Work order:
Please transcribe exactly, and only, the lines of the data below between the line holding "Education is the" and the line holding "Крест из чернёного", inclusive.

Entries provided Start Marker

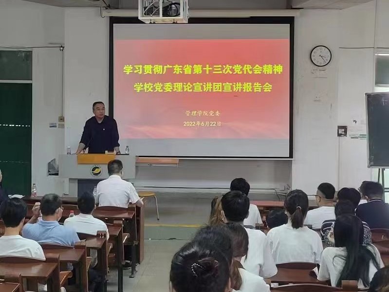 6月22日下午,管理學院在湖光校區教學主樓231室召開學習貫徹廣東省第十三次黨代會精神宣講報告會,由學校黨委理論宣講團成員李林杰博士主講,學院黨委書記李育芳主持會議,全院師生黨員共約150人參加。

Entries provided End Marker
Entries provided Start Marker

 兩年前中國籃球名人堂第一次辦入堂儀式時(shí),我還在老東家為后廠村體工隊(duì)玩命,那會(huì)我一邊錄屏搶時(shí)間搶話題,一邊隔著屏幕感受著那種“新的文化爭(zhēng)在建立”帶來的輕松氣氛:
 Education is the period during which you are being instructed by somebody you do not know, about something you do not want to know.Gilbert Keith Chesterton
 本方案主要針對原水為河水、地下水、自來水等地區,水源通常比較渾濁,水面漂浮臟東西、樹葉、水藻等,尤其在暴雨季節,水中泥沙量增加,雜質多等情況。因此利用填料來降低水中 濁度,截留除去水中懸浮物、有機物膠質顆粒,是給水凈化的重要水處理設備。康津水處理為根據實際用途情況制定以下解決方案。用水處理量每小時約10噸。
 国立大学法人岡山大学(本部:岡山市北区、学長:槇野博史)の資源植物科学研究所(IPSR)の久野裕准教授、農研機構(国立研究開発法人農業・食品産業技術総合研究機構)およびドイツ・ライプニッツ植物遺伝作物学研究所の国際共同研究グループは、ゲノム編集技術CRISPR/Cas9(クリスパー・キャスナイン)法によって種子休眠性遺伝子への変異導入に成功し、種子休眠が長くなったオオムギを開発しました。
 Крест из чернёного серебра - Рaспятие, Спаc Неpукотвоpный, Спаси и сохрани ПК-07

Entries provided End Marker

Answer to this task:
 Education is the period during which you are being instructed by somebody you do not know, about something you do not want to know.Gilbert Keith Chesterton
 本方案主要針對原水為河水、地下水、自來水等地區,水源通常比較渾濁,水面漂浮臟東西、樹葉、水藻等,尤其在暴雨季節,水中泥沙量增加,雜質多等情況。因此利用填料來降低水中 濁度,截留除去水中懸浮物、有機物膠質顆粒,是給水凈化的重要水處理設備。康津水處理為根據實際用途情況制定以下解決方案。用水處理量每小時約10噸。
 国立大学法人岡山大学(本部:岡山市北区、学長:槇野博史)の資源植物科学研究所(IPSR)の久野裕准教授、農研機構(国立研究開発法人農業・食品産業技術総合研究機構)およびドイツ・ライプニッツ植物遺伝作物学研究所の国際共同研究グループは、ゲノム編集技術CRISPR/Cas9(クリスパー・キャスナイン)法によって種子休眠性遺伝子への変異導入に成功し、種子休眠が長くなったオオムギを開発しました。
 Крест из чернёного серебра - Рaспятие, Спаc Неpукотвоpный, Спаси и сохрани ПК-07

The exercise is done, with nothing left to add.